Несмотря на всю абсурдность и мрачную торжественность момента, я не могу не улыбнуться. В детстве я мечтал о многих вещах, и некоторые из желаний могли бы показаться моим сверстникам странными. Помимо полетов с парашютом и созерцания голых сисек учительницы русского языка и литературы Светланы Михайловны, в списке моих мечтаний числилось посещение комнаты механика в кинотеатре и кабины машиниста в пассажирском поезде. В будку киномеханика я все-таки проник, уже в армии: пришел к сослуживцу в офицерский клуб за ацетоном и канифолью, заглянул в комнату с двумя гигантскими и очень древними кинопроекторами и даже посмотрел из маленького окошка без стекла один старый индийский фильм. А вот кабиной машиниста судьба меня не баловала, и даже кабина водителя трамвая никак не могла ее заменить.
Что ж, наверно, иногда надо умереть или впасть в кому, чтобы мечты осуществились.
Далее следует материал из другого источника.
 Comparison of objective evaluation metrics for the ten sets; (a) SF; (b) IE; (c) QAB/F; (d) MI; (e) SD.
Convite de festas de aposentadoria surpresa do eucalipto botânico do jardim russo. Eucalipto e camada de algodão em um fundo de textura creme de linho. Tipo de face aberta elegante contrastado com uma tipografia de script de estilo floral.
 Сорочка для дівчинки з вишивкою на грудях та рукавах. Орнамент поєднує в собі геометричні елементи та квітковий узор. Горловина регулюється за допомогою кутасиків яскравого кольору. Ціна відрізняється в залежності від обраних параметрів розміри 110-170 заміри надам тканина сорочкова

Не знаю, с какой скоростью я еду, сколько уже проехал и много ли еще осталось. Если шпалы, мелькающие в пятне света прожектора, мне не врут, еду довольно быстро – под сотню километров в час. Мои внутренние биологические часы подсказывают, что бесконечно продолжаться это не может, стало быть, скоро станция. Кто остановит поезд? Из моего внутреннего Знания следует, что поездом с некоторых пор управляю я, мне и карты в руки.
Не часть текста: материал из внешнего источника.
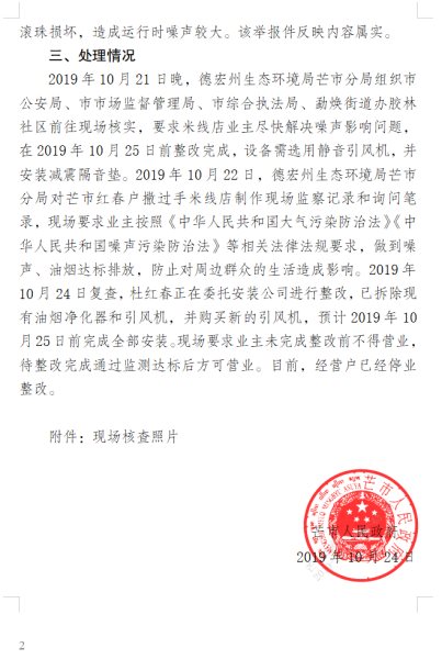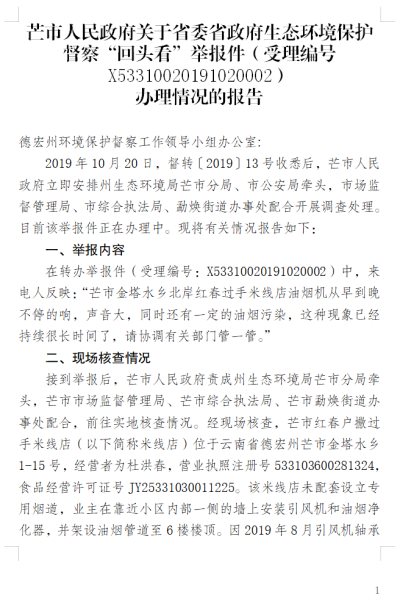 芒市人民政府关于省委省政府生态环境保护督察“回头看”举报件(受理编号:X53310020191020001)办理情况的报告(补公开)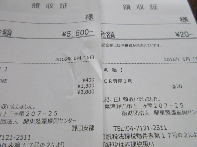 自賠責支払いカウンター横の用紙を20円で購入し、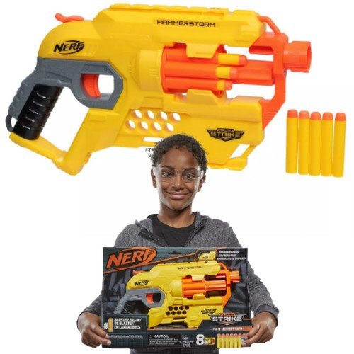 Inclus : blaster Nerf Alpha Strike Hammerstorm et 8 fléchettes.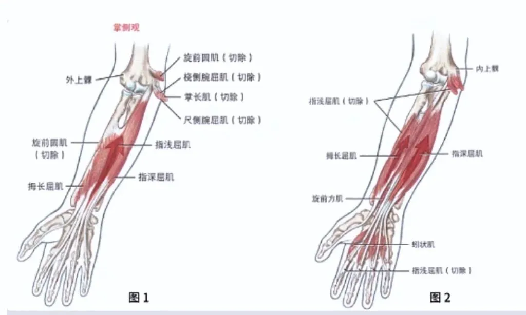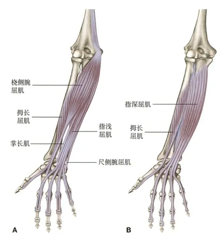 同时,掌长肌腱向下延续为掌腱膜,掌长肌收缩可紧张掌腱膜,辅助握拳与旋前。桡侧腕屈肌、尺侧腕屈肌、指浅深屈肌也参与此过程。

Всматриваюсь во тьму. Мне показалось, или в нескольких километрах впереди мелькнул свет? Едва различимые точки света, как ночные огни на станции. Это довольно странно, но по дороге мне не попался ни один светофор. Я еду по Дороге В Никуда.
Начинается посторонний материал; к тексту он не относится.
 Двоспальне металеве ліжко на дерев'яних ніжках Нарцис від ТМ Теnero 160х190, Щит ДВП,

Нет, все-таки я был прав, эта дорога куда-то ведет. Через несколько минут впереди явно видны огни. Целая россыпь огней. Белые кругляши света тянутся гирляндой по правой стороне пути. Я аккуратно сбавляю скорость. Если проскочу последнюю станцию, то, наверно, уеду прямиком в преисподнюю, и оттуда меня точно никто не вытащит, а я, в свою очередь, не смогу вытащить из цепких лап Старухи Без Косы свою любимую Верку. Надо осторожно.
Поезд шипит, притормаживает. Теперь мы идем примерно километров шестьдесят, не больше. Фонари на столбах проносятся справа. Их не меньше сотни. Это какая-то праздничная иллюминация, не иначе, во всяком случае в нашей реальности я такого не видел; на обычных вокзалах и станциях огни раскиданы довольно хаотично, а здесь – четкая линия сопровождения. Что ж, ладно, поглядим, что дальше.
Вскоре к белым фонарям прибавляется еще одна световая гирлянда, но она постепенно полукругом уходит в сторону и теряется вдали. Дорога к городу? А есть ли тут город?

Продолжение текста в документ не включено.